Met de aangekondigde bezuinigingen in de Nederlandse kunst- en cultuursector is het aloude vraagstuk weer eens opgerakeld of kunst afhankelijk mag zijn van subsidie of dat de sector financieel op eigen benen moet kunnen staan. Dat vraagstuk kan worden herleid naar de vraag voor wie kunst eigenlijk wordt gemaakt: de kunstenaar of het publiek? Deze vragen komen, op zeer hilarische wijze, aan de orde in (Untitled).
Centraal staat Adrian, een componist van experimentele muziek die vooral gemaakt wordt door glazen kapot te gooien en tegen emmers aan te schoppen. Het aantal toeschouwers dat bij een uitvoeringen tot het einde in de zaal blijft zitten, is dan ook niet veel groter dan het aantal mensen dat op het podium staat.

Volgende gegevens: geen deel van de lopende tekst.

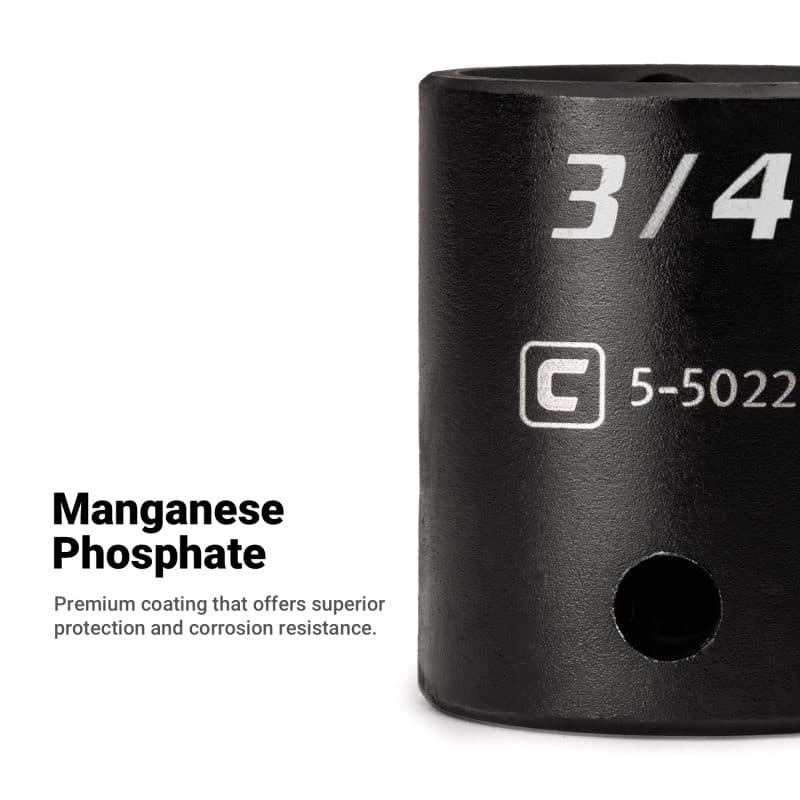 The Capri Tools Impact Socket is a collection of most frequently used shallow impact sockets for trucks and heavy equipment. We use premium Chrome Molybdenum steel tempered with our proprietary heat treatment process to make these deep impact sockets. They are durable and specifically made to withstand high torque from power tools. Each item is expertly coated with manganese phosphate, the preferred coating in military and aerospace, which offers superior protection and corrosion resistance compared to black oxide coating on other shallow impact sockets. The 6-point WaveDrive design grips fasteners more tightly than traditional design, preventing fastener rounding and giving you more leverage. Meets and exceeds ASME B107.110 standards.

Zijn broer Josh geniet echter veel succes met zijn schilderkunst. Dat deze werken niets anders zijn dan iedere keer dezelfde compositie van pastelkleuren op doek, maakt ze commerciëel erg aantrekkelijk, tot Adrians frustratie.
Madeleine, de galeriehoudster die Josh’ werk tentoonstelt, woont een concert van Adrian bij en ziet meteen mogelijkheden. Adrian brengt zijn muziek voortaan ten gehore op de vernissages van Madeleines galerie en zij krijgen een relatie. Maar al snel komt zij erachter dat zijn introductie in de hippe New Yorkse kunstwereld niet zo uitpakt als zij gehoopt had. Mensenhater Adrian laat niet erg gemakkelijk met zich pronken.
Het mooie van (Untitled) is dat elk personage een bepaalde groep vertegenwoordigt die betrokken is bij de kunstwereld. Naast de onbekende en onbegrepen kunstenaar, is er de weinig artistieke, maar succesvolle schilder en de galeriehoudster wier persoonlijke artistieke voorkeur steeds meer overeenstemt met de financiële belangen van de galerie. In haar galerie exposeert bijvoorbeeld een arrogante kunstenaar van wie het oeuvre bestaat uit opgezette dieren in bizarre poses, een andere maakt furore door alleen titels aan de muur te hangen, de kunst zelf is afwezig! Ook loopt er een kunstverzamelaar rond die zijn verzameling puur consumptief benadert.
(Untitled) bevat een mooie balans tussen satire en drama en won een prijs op het Leids Film Festival. Volgens de jury verdient de film het door een breed Nederlands publiek te worden gezien.